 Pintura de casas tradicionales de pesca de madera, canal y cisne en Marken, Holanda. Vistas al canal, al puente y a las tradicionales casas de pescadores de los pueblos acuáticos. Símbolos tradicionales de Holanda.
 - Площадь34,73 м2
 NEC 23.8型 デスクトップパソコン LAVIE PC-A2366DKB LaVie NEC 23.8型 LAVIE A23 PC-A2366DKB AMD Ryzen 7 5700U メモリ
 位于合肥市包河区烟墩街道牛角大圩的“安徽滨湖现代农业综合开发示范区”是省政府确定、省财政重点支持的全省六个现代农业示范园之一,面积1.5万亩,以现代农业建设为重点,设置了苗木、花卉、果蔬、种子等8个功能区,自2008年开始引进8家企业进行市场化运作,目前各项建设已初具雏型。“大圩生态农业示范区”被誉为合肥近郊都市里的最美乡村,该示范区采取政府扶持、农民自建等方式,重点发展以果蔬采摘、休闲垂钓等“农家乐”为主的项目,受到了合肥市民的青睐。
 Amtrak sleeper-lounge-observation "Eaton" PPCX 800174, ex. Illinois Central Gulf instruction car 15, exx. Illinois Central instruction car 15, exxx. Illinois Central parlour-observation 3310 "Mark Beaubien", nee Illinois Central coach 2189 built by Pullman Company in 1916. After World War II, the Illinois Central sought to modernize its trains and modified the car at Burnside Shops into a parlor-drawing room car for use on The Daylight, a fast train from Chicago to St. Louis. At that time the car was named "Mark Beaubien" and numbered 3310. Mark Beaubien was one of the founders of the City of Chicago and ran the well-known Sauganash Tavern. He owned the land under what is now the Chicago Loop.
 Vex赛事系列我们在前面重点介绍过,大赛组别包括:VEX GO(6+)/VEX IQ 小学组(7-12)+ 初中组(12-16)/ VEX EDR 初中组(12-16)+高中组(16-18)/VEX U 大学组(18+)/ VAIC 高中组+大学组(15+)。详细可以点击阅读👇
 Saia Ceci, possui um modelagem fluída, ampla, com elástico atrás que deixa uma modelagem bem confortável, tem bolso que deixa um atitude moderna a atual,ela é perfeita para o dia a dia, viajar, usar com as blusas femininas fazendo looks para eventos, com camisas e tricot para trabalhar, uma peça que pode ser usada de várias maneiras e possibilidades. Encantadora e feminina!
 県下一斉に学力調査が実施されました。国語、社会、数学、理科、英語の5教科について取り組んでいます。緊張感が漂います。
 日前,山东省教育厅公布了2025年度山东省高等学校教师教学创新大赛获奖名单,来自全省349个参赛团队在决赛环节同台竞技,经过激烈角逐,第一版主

= = = =

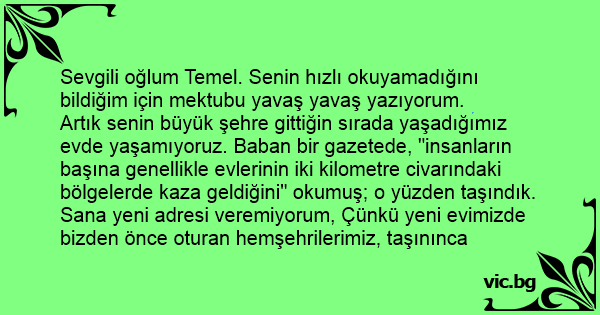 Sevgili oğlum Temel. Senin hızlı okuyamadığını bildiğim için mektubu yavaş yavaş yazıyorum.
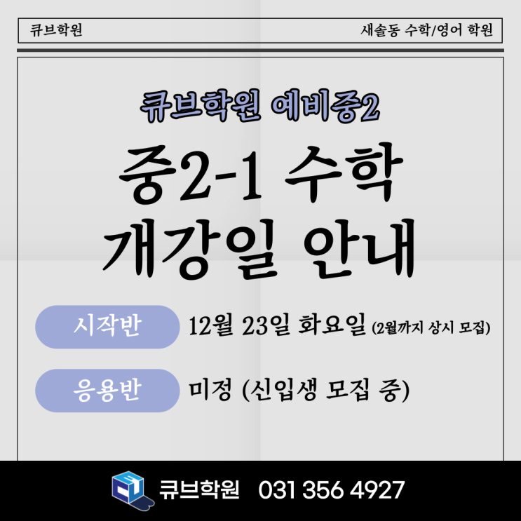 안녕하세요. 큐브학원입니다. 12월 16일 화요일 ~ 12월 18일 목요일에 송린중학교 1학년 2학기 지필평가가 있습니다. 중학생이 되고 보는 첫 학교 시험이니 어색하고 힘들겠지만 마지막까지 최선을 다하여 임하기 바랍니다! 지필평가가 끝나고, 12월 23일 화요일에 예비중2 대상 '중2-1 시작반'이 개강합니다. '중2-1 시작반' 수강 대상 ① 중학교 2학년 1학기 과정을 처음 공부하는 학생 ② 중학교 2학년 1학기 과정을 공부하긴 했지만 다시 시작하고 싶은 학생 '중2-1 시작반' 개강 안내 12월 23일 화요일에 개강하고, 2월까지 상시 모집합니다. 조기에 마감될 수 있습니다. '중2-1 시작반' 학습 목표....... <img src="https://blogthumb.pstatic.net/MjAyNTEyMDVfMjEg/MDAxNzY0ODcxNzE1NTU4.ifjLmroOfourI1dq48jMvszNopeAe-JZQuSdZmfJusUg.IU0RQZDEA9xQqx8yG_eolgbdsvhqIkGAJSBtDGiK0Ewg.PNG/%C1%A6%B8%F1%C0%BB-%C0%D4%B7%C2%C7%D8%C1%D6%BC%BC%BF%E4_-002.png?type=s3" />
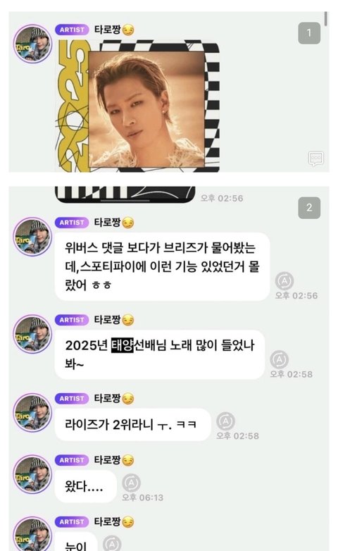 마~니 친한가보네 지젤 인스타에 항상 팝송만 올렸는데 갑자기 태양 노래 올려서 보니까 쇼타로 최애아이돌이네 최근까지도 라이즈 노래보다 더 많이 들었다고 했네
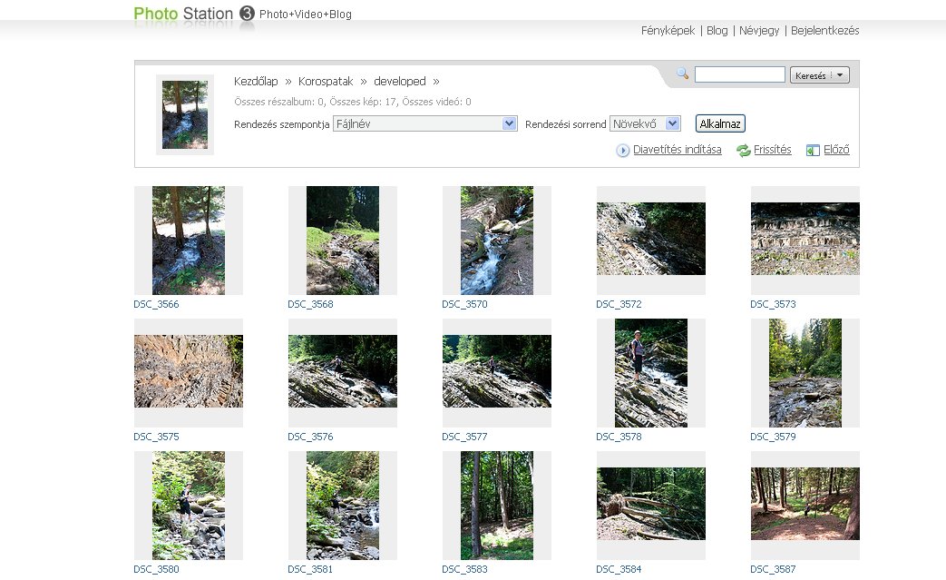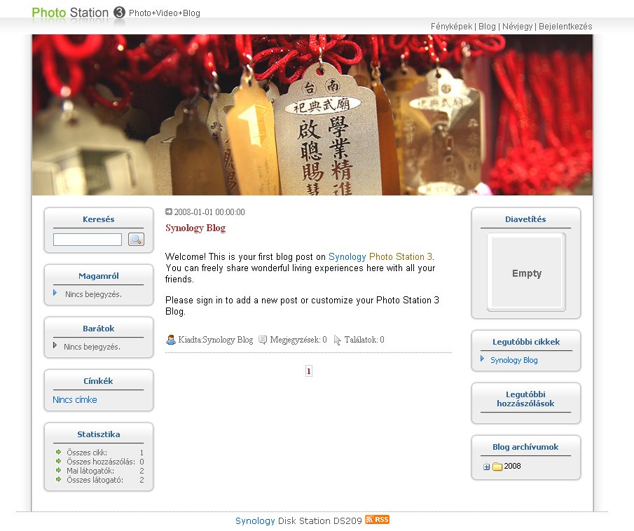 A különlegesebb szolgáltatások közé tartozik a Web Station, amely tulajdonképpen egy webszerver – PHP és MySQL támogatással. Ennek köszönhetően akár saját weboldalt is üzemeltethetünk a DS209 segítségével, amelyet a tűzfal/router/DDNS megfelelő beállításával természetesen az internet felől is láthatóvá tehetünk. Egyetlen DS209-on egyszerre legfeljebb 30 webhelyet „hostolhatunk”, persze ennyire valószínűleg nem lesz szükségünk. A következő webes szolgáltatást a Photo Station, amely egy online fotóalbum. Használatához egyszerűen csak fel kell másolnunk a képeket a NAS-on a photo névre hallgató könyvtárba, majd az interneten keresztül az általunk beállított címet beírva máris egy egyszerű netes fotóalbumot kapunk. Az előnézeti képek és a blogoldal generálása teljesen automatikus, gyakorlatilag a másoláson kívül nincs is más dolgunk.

= = = =

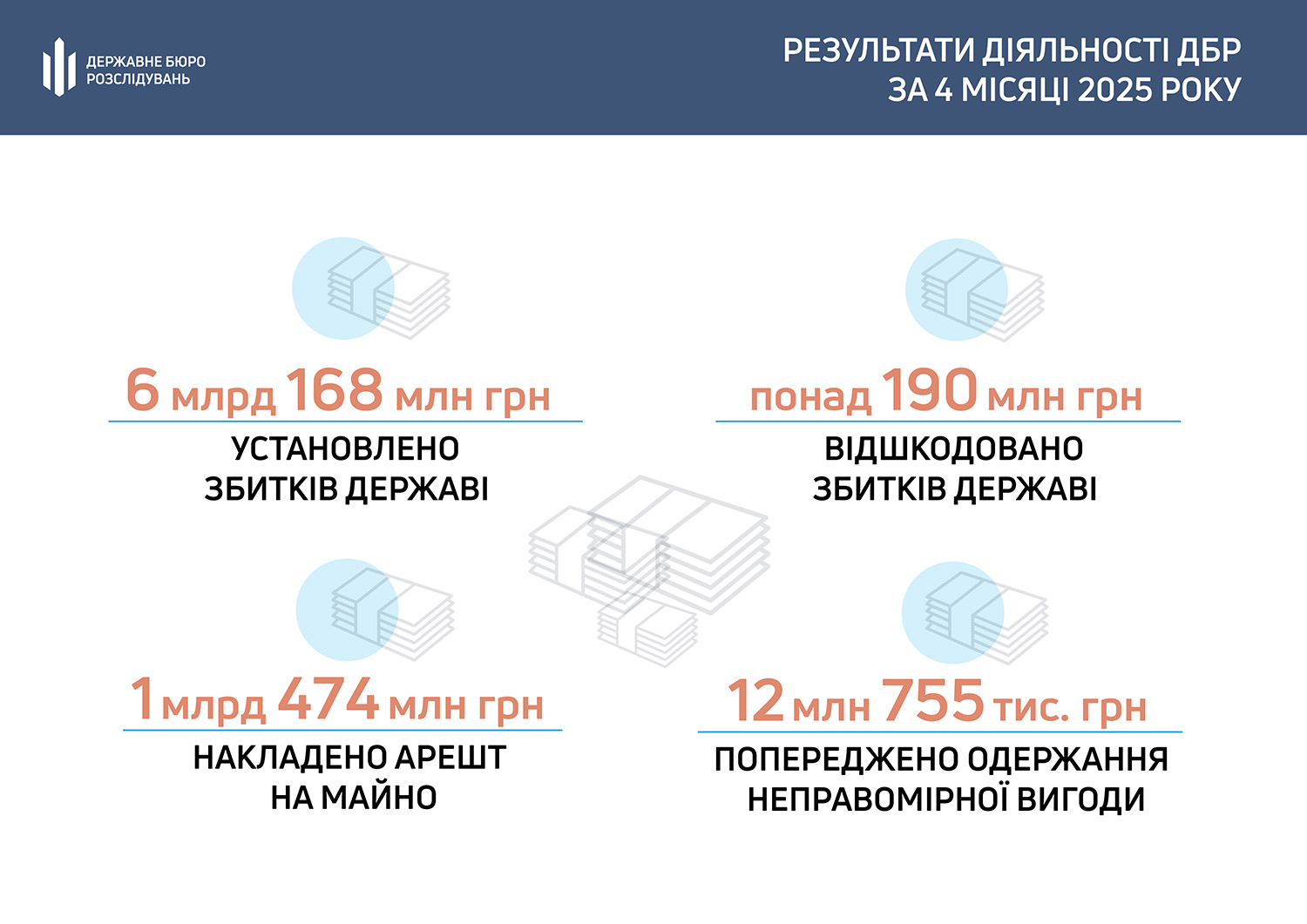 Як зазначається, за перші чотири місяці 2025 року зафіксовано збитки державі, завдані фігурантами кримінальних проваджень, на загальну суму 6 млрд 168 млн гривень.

= = = =

* _Exercise requirements_: In the entries above, restate word for word the lines between the one holding "位于合肥市包河区烟墩街道牛角" and the one holding "日前,山东省教育厅公布了20", inclusive, and nothing besides.

* _Result of this exercise_:
 位于合肥市包河区烟墩街道牛角大圩的“安徽滨湖现代农业综合开发示范区”是省政府确定、省财政重点支持的全省六个现代农业示范园之一,面积1.5万亩,以现代农业建设为重点,设置了苗木、花卉、果蔬、种子等8个功能区,自2008年开始引进8家企业进行市场化运作,目前各项建设已初具雏型。“大圩生态农业示范区”被誉为合肥近郊都市里的最美乡村,该示范区采取政府扶持、农民自建等方式,重点发展以果蔬采摘、休闲垂钓等“农家乐”为主的项目,受到了合肥市民的青睐。
 Amtrak sleeper-lounge-observation "Eaton" PPCX 800174, ex. Illinois Central Gulf instruction car 15, exx. Illinois Central instruction car 15, exxx. Illinois Central parlour-observation 3310 "Mark Beaubien", nee Illinois Central coach 2189 built by Pullman Company in 1916. After World War II, the Illinois Central sought to modernize its trains and modified the car at Burnside Shops into a parlor-drawing room car for use on The Daylight, a fast train from Chicago to St. Louis. At that time the car was named "Mark Beaubien" and numbered 3310. Mark Beaubien was one of the founders of the City of Chicago and ran the well-known Sauganash Tavern. He owned the land under what is now the Chicago Loop.
 Vex赛事系列我们在前面重点介绍过,大赛组别包括:VEX GO(6+)/VEX IQ 小学组(7-12)+ 初中组(12-16)/ VEX EDR 初中组(12-16)+高中组(16-18)/VEX U 大学组(18+)/ VAIC 高中组+大学组(15+)。详细可以点击阅读👇
 Saia Ceci, possui um modelagem fluída, ampla, com elástico atrás que deixa uma modelagem bem confortável, tem bolso que deixa um atitude moderna a atual,ela é perfeita para o dia a dia, viajar, usar com as blusas femininas fazendo looks para eventos, com camisas e tricot para trabalhar, uma peça que pode ser usada de várias maneiras e possibilidades. Encantadora e feminina!
 県下一斉に学力調査が実施されました。国語、社会、数学、理科、英語の5教科について取り組んでいます。緊張感が漂います。
 日前,山东省教育厅公布了2025年度山东省高等学校教师教学创新大赛获奖名单,来自全省349个参赛团队在决赛环节同台竞技,经过激烈角逐,第一版主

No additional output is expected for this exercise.